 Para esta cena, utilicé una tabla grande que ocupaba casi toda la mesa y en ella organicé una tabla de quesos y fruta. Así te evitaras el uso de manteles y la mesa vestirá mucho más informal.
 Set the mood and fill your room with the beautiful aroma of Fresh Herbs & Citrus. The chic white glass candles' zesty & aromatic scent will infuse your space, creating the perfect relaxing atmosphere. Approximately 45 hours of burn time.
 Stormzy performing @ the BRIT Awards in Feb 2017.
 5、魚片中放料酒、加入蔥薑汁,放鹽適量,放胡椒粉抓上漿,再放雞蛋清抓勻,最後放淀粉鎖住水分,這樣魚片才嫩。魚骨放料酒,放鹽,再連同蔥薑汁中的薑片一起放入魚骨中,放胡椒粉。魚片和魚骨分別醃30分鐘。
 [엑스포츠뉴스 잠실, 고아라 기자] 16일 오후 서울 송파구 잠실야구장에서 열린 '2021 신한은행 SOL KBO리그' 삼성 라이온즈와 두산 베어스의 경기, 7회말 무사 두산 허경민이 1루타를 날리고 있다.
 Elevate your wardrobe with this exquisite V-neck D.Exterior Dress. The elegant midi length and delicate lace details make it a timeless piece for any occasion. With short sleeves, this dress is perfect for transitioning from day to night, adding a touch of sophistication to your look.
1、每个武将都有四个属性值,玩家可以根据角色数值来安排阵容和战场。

# [Prompt]
The lines above that hold the string "your" are to be located and copied.

# [Answer to the exercise]
 Set the mood and fill your room with the beautiful aroma of Fresh Herbs & Citrus. The chic white glass candles' zesty & aromatic scent will infuse your space, creating the perfect relaxing atmosphere. Approximately 45 hours of burn time.
 Elevate your wardrobe with this exquisite V-neck D.Exterior Dress. The elegant midi length and delicate lace details make it a timeless piece for any occasion. With short sleeves, this dress is perfect for transitioning from day to night, adding a touch of sophistication to your look.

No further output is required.